Getting started with rdflib

Introduction to parsing RDF into rdflib graphs

Reading an NT file

RDF data has various syntaxes (xml, n3, ntriples, trix, etc) that you might want to read. The simplest format is ntriples. Create the file demo.nt in the current directory with these two lines:

<http://bigasterisk.com/foaf.rdf#drewp> \
<http://www.w3.org/1999/02/22-rdf-syntax-ns#type> \
<http://xmlns.com/foaf/0.1/Person> .
<http://bigasterisk.com/foaf.rdf#drewp> \
<http://example.com/says> \
"Hello world" .

In an interactive python interpreter, try this:

>>> from rdflib.graph import Graph
>>> g = Graph()
>>> g.parse("demo.nt", format="nt")
<Graph identifier=HCbubHJy0 (<class 'rdflib.graph.Graph'>)>
>>> len(g)
2
>>> import pprint
>>> for stmt in g:
...     pprint.pprint(stmt)
...
(rdflib.term.URIRef('http://bigasterisk.com/foaf.rdf#drewp'),
 rdflib.term.URIRef('http://example.com/says'),
 rdflib.term.Literal(u'Hello world'))
(rdflib.term.URIRef('http://bigasterisk.com/foaf.rdf#drewp'),
 rdflib.term.URIRef('http://www.w3.org/1999/02/22-rdf-syntax-ns#type'),
 rdflib.term.URIRef('http://xmlns.com/foaf/0.1/Person'))
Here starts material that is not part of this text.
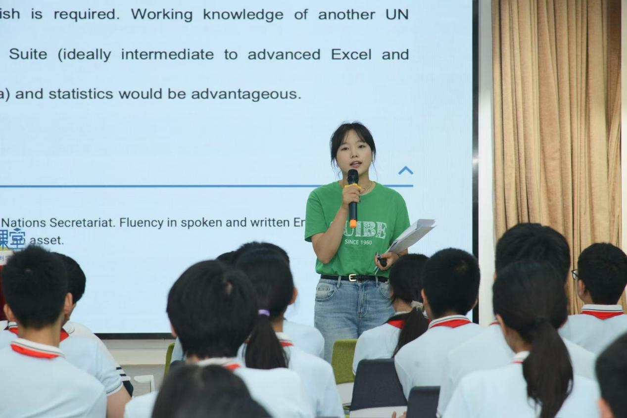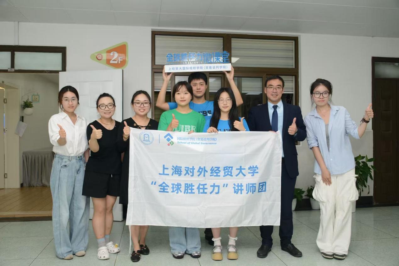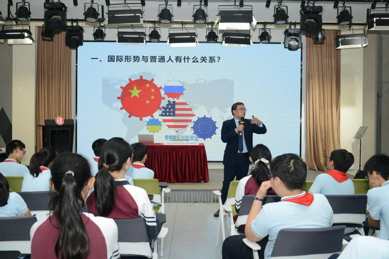 6月27日,上海对外经贸大学“全球胜任力”讲师团走进黄浦区卢湾中学,为七年级全体学生开设全球胜任力主题系列启蒙课程。本次讲师团由国际组织学院(贸易谈判学院)胡勇、卢琦老师,国际经贸规则专业杨亦萌、经济学(国际经济组织人才实验班)黄钰滔和国际商务外语学院英语笔译研究生陈明月同学组成,围绕国际形势与格局、国际组织运作、全球胜任力提升与青年责任等内容,引导初中生初探全球治理的广袤天地。

The final lines show how rdflib represents the two statements in the file. The statements themselves are just length-3 tuples; and the subjects, predicates, and objects are all rdflib types.

Reading remote graphs

Reading graphs from the net is just as easy:

>>> g.parse("http://bigasterisk.com/foaf.rdf")
>>> len(g)
42

The format defaults to xml, which is the common format for .rdf files you’ll find on the net.

See also

Graph.parse(source=None, publicID=None, format=None, location=None, file=None, data=None, **args)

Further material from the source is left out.